Both ends included, set down the lines from the line containing "Nhà cửa & Đời" through the last line of the records below, without pictures.

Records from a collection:
* * *

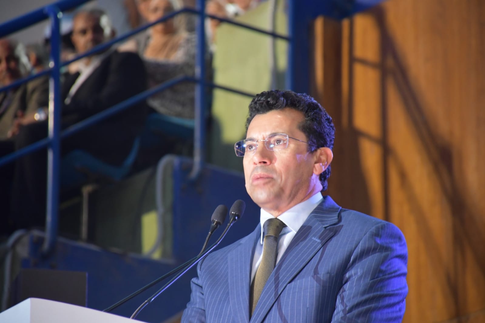 شهد الدكتور أشرف صبحي، وزير الشباب والرياضة، د. والدكتور أيمن عاشور، وزير التعليم العالي والبحث العلمي، حفل افتتاح أسبوع شباب الجامعات والمعاهد العليا المصرية في نسخته الثالثة عشرة في جامعة حلوان، والذي يُعقد خلال الفترة من 8 وحتى 14 سبتمبر الجاري، تحت شعار "الجمهورية الجديدة.. حلم وطن"، وبرعاية الدكتور مصطفى مدبولي، رئيس مجلس الوزراء.
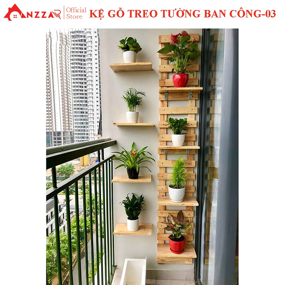 Nhà cửa & Đời sống > Nội thất > Kệ & Giá || Kệ gỗ treo tường ban công Anzzar nhiều kích thước, gỗ thông nhập khẩu để chậu hoa, cây cảnh trang trí nhà cửaKBC-03Còn hàng
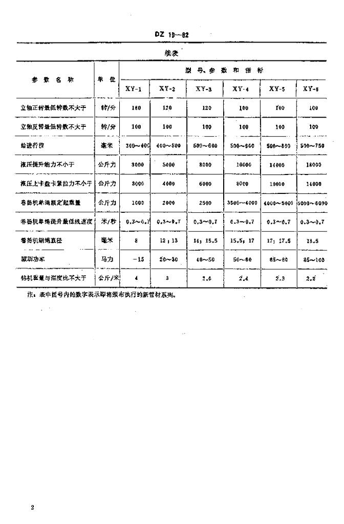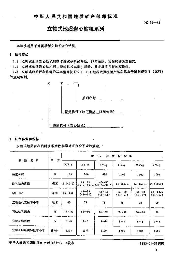 DZ 19-1982 立轴式地质岩心钻机系列
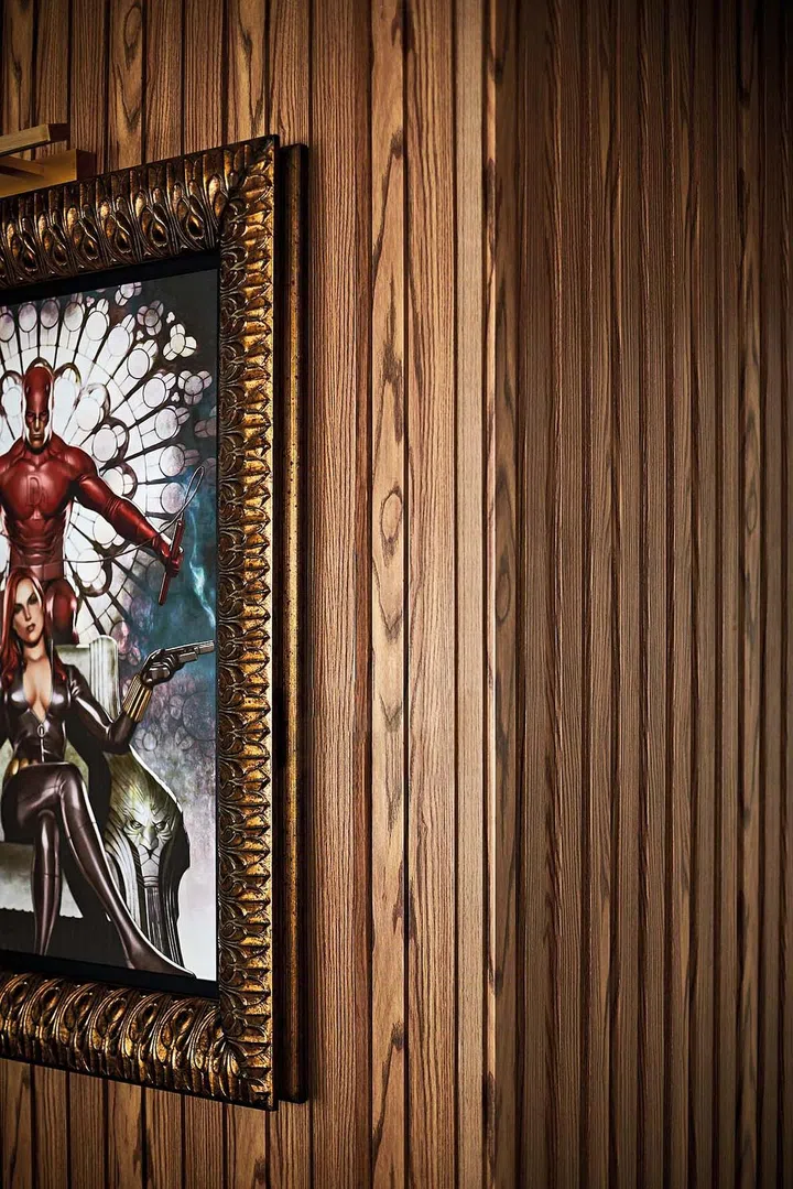 The dark engineered wood wall finish, the ornate frame of this Daredevil and Black Widor artwork, and the dark light switch create a sumptuous material palette.
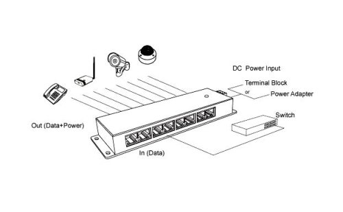 Technické špecifikácie: Input: 18-57V (2.1 power jack) Dáta: 1/2 & 3/6 & 4/5 & 7/8 Power: podľa zvoleného režimu A / B Standards: passive PoE, 802.3af / 802.3at Ethernet: TIA/EIA 568 Cat5E, Cat6E Data rate: 10/100/1000Mbps Connectors: 6x shielded GB RJ-45 Operating Temperature: 0°C ~ 40°C Storage Temperature: -40°C ~ +70°C Operating Humidity: 10% ~ 80% RH Storage Humidity: 5% ~ 90% RH Certifications: CE
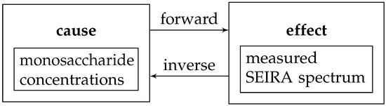 Flow chart visualising the forward/inverse problem of sensing with SEIRA spectroscopy of sugary solutions as an application example.

* * *

**Finished exercise:**
 Nhà cửa & Đời sống > Nội thất > Kệ & Giá || Kệ gỗ treo tường ban công Anzzar nhiều kích thước, gỗ thông nhập khẩu để chậu hoa, cây cảnh trang trí nhà cửaKBC-03Còn hàng
 DZ 19-1982 立轴式地质岩心钻机系列
 The dark engineered wood wall finish, the ornate frame of this Daredevil and Black Widor artwork, and the dark light switch create a sumptuous material palette.
 Technické špecifikácie: Input: 18-57V (2.1 power jack) Dáta: 1/2 & 3/6 & 4/5 & 7/8 Power: podľa zvoleného režimu A / B Standards: passive PoE, 802.3af / 802.3at Ethernet: TIA/EIA 568 Cat5E, Cat6E Data rate: 10/100/1000Mbps Connectors: 6x shielded GB RJ-45 Operating Temperature: 0°C ~ 40°C Storage Temperature: -40°C ~ +70°C Operating Humidity: 10% ~ 80% RH Storage Humidity: 5% ~ 90% RH Certifications: CE
 Flow chart visualising the forward/inverse problem of sensing with SEIRA spectroscopy of sugary solutions as an application example.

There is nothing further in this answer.